20/02/2010

L'architecte cantonal, patron de l'urbanisme ou "acteur culturel" ?

 

 

C’est évidemment le fruit d’une coïncidence amusante mais elle mérite d’être soulignée. La décision prise par le Conseil d’Etat de concrétiser enfin la loi de 1995 instituant la fonction d’architecte cantonal, a été publiée deux jours après que les deux principaux quotidiens genevois ont consacré chacun un long et élogieux article au sujet des deux principales concurrentes de Genève, Lyon et Zurich.

Sous le titre « Zurich, la bâtisseuse forcenée » Le Temps du 16 févier décrivait le nombre impressionnant des nombreux et importants chantiers qui donnent à Zurich « des airs du Berlin des années 1990 avec des projets privés et publics mammouths ». Des chantiers qui, rapporte la journaliste Anne Fournier, « sont le résultat d’une stratégie politique tissée avec patience. Le dynamisme a suivi. Oubliés les élans anti-construction qui dans les années 1989-1999 faisaient que tout projet immobilier d’importance paraissait suspect ».

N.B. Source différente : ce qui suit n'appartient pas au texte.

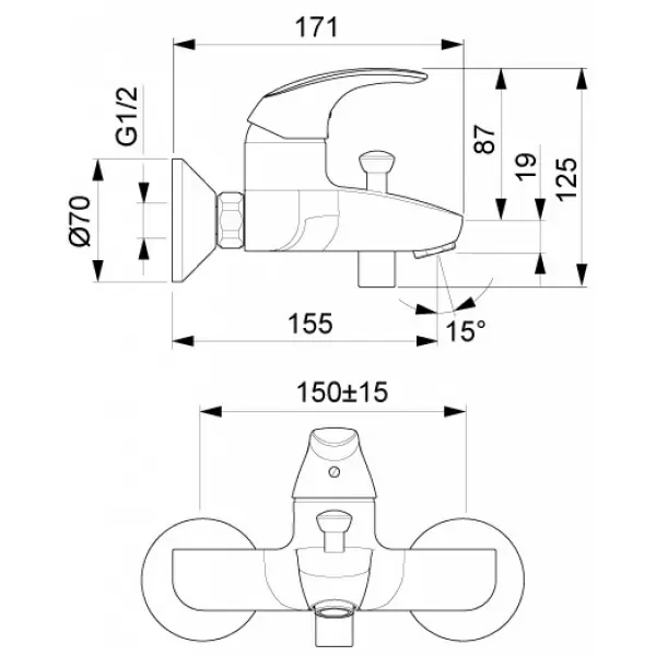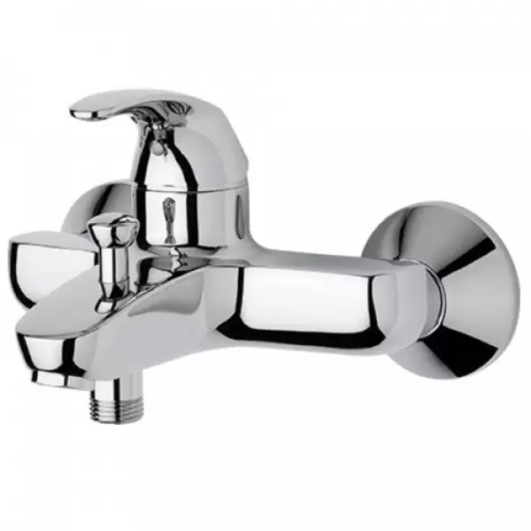 Смеситель для ванны и душа. Фиксированный излив, дивертер и аэратор. Комплект включает эксцентриковые соединители и декоративные розетки.

Le même jour la Tribune de Genève, pour sa part, titrait que « Lyon récolte les fruits de ses grands projets urbains ». Avec un clin d’œil non dissimulé aux autorités genevoises Christian Bernet indiquait dans son article que « Lyon tenait à faire le point sur les projets urbains que notre grande voisine a lancés. Il faut dire que Lyon a autre chose à montrer que des projets sur papier. D’énormes chantiers, poursuivait-il, s’ouvrent un peu partout, des quartiers entiers surgissent et la ville peut se réjouir de l’audace qu’elle a eue de faire appel à de grands noms de l’architecture ». Le nouveau quartier de Confluence, imaginé dès 1995, est l’élément phare de cette énorme transformation urbaine et la deuxième partie de cet aménagement a été confiée aux architectes bâlois Herzog et de Meuron.

Ces deux articles mettent bien en lumière les enjeux qui conditionnent l’avenir de Genève. Notre canton doit absolument s’extraire de sa paralysie et de ses blocages en matière d’urbanisme. Le ou la futur(e) architecte cantonal(e) pourrait grandement contribuer à la renaissance attendue. Encore faut-il que Genève se redonne une vraie gouvernance, que nos autorités retrouvent l’ambition et le volontarisme qui les caractérisaient dans les années 1950-1970 et que la personne désignée à la nouvelle fonction, contrairement à ce qui semble se dessiner, soit considérée autrement par le Conseil d’Etat que comme « un acteur culturel » et comme l’assistant du chef du DCTI.